→ DATA SECTION
******

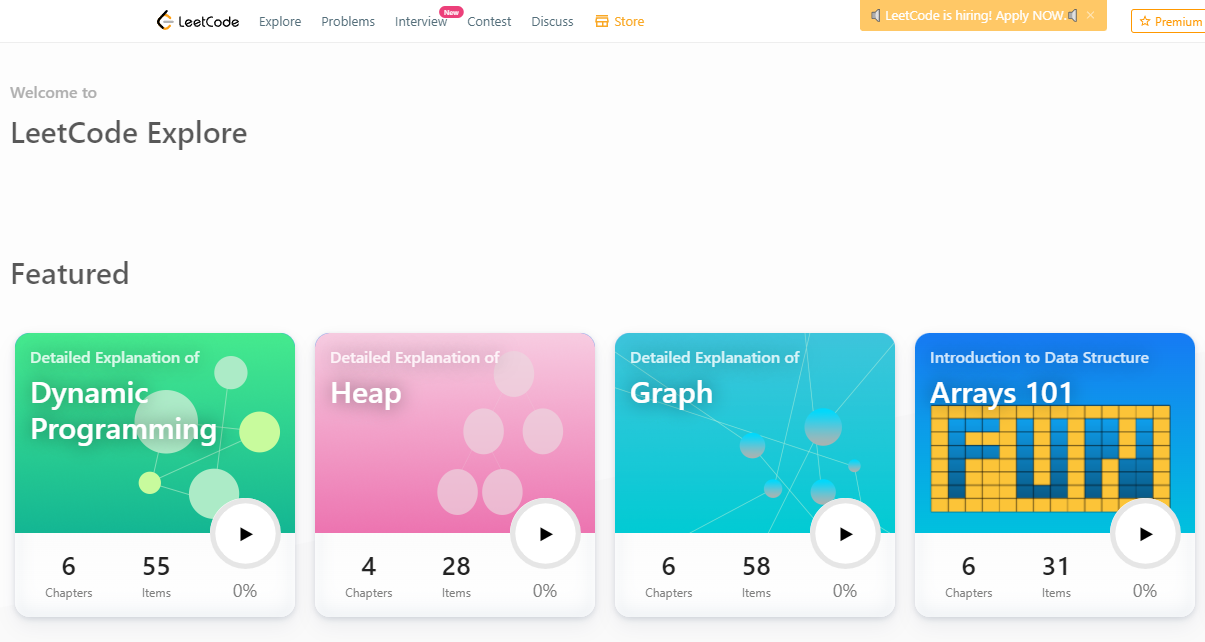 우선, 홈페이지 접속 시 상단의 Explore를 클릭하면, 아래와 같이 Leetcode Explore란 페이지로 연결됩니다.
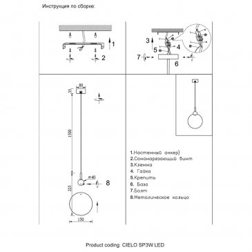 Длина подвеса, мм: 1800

******

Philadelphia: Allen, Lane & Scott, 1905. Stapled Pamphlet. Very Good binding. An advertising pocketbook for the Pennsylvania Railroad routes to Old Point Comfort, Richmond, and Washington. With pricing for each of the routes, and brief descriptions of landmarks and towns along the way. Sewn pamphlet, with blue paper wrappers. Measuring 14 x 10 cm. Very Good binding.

******

All that is wanted is the lines above between the one containing "우선, 홈페이지 접속" and the one containing "Длина подвеса, мм: 1800", inclusive, restated word for word, with pictures omitted.

→ ANSWER AREA
 우선, 홈페이지 접속 시 상단의 Explore를 클릭하면, 아래와 같이 Leetcode Explore란 페이지로 연결됩니다.
 Длина подвеса, мм: 1800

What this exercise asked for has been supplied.